Katy Grimes: The State Water Resources Control Board, the agency responsible for ensuring “the highest reasonable quality for waters of the State,” appears to have a very difficult time with basic counting.

The State Auditor issued a report updating the American Recover and Reinvestment Act (ARRA “stimulus” program), which was created for the purpose of “preserving and creating jobs” and “promoting economic recovery.” The state Auditor found some disturbing, but not altogether unexpected behavior, inside several California agencies:

  • “Of the five state agencies we reviewed that reported recipient-level jobs data, two did not follow federal or state guidance resulting in overstatements of full-time equivalent positions totaling 617.
  • Only one of the agencies we reviewed followed the task force’s recommendation to review subrecipients’ calculation methodologies and none reviewed supporting documentation to verify the accuracy of the jobs data.
  • Two federal audit agencies and one state audit agency that have reviewed California’s administration of jobs data reporting under the Recovery Act have reported errors or concerns in subrecipient data reporting.”

The  executive summary from the Auditor explains in more detail: “For example, the Water Resources Control Board (Water Board) reported triple the actual number of jobs created and retained by calculating them on a monthly basis and then totaling the three months’ data, instead of performing the calculation once at the end of the quarter, as required by the OMB and task force guidance.

This error resulted in an overstatement of 71 full-time equivalent positions (FTEs). In addition, the Water Board calculated its jobs data using incorrect months. Specifically, OMB requires that the reporting quarter ending June 30, 2010, is to include jobs data for April through June 2010; however, the Water Board reported data for the months of March through May 2010.

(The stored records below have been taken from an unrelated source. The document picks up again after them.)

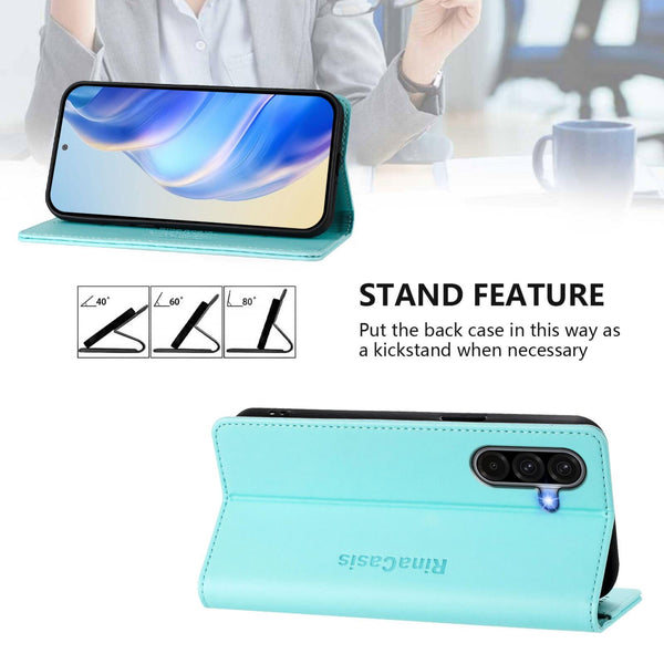 For Samsung Galaxy A36 5G RC01 Dual-Folded Magnetic Suction RFID Leather Phone Case(Mint Green)
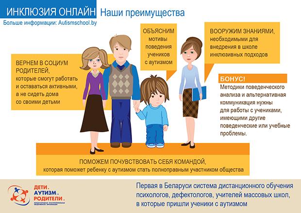 – Полтора года назад мы запустили интернет-ресурс Autismschool.by, посвященный обучению детей с аутизмом в массовой школе, – продолжает руководитель проекта «Инклюзия Онлайн» Ирина Дергач. – Анонсы, записи вебинаров, анализ часто возникающих у специалистов вопросов будут выложены на нем в открытом доступе.
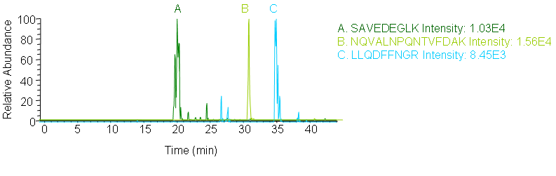 Peptides screening: Peptides and transitions for analysis were selected using a predictive peptide program. The results were screened for those with the highest specificity and the most intense transitions.
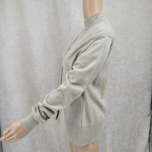 Cardigan is v neckline, shell or MOP buttons, long sleeves with ribbed cuffs.
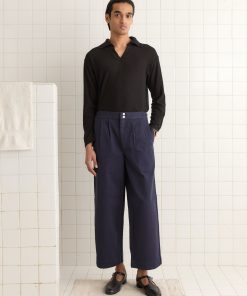 BODE Men’s Ready To Wear Wide Leg Snap Trousers – Navy
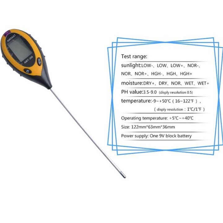 Đặc điểm:Máy phân tích đất màn hình điện tử 4 trong 1 là thiết bị đo độ đất mới nhất, chủ yếu để kiểm tra độ PH của đất, độ ẩm, nhiệt độ và cường độ ánh sáng của cây trồng, sử dụng pin Carbon 9V (không bao gồm). Dụng cụ này thông qua màn hình tinh thể lỏng đo thông số. Thiết bị cũng có chỉ báo nguồn điện thấp và chức năng tự động tắt nguồn. Sản phẩm giúp tiết kiệm thời gian và năng lượng, hiệu quả cao. Dụng cụ này thích hợp trồng hoa cỏ, phủ xanh sân vườn.
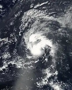 | Интенсивность | 50 mph (85 км/ч) (1-мин), 1005 мбар (гПа) | ||
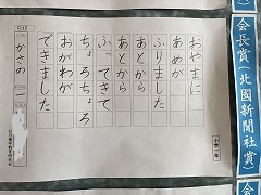 初めに表彰伝達を行いました。まず、県の硬筆コンクールの作品の表彰です。鉛筆の持ち方、姿勢を正して、一文字一文字を丁寧に書いていると、だんだん上達します。いつも美しい字で書くことを心がけてほしいと思います。1年生のKさんは、県会長賞に選ばれ、県庁の19階ロビーに展示されていました。次は、河北郡市図画作品展、津幡町子ども会作品展の順で表彰を行いました。
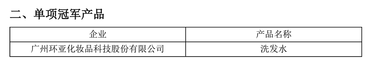 近日,廣東省工業和信息化廳發布《關于2022年省級制造業單項冠軍企業(產品)通過名單的公示》,環亞名列其內,是唯一一家入選“單項冠軍產品”的化妝品企業。

Further, three of the five state agencies-the Department of Community Services and Development, Department of Transportation, and the Water Board-did not include paid time off in the total hours worked, as specified in the task force guidance. Of these three, two made no attempt to include paid time off in their jobs data calculation, while one attempted to include paid time off but did so incorrectly.”

Oh my.

These errors are not just little arithmetical boo boo’s, but demonstrate a certain level of ineptitude or at the very least, a dispassionate unconcern.  It is difficult not to wonder just how systemic this is, especially since the water resources agency has the formidable responsibility of tracking water quality data, and making significant decisions based upon that data.

Even more interesting is Gov.-elect Jerry Brown’s decision to eliminate the Inspector General office for the ARRA funds. If there is no regular and real oversight of the billions of dollars of federal funding flowing through the state, other than the occasional audit, then how much more is going to be wasted?

And how can California taxpayers trust any numbers or counts from the water board on the really complex matters, when simple arithmetic and following directions alludes them?

The Auditor’s recommendation for the future is totally deflating: “The task force should provide targeted technical assistance and training to state agencies that are not calculating their jobs data in accordance with OMB guidance.”

Oh great – more oversight, assistance and training is needed from the state, for the state. Maybe they’ll use stimulus money to save or create the new “targeted assistance” oversight jobs.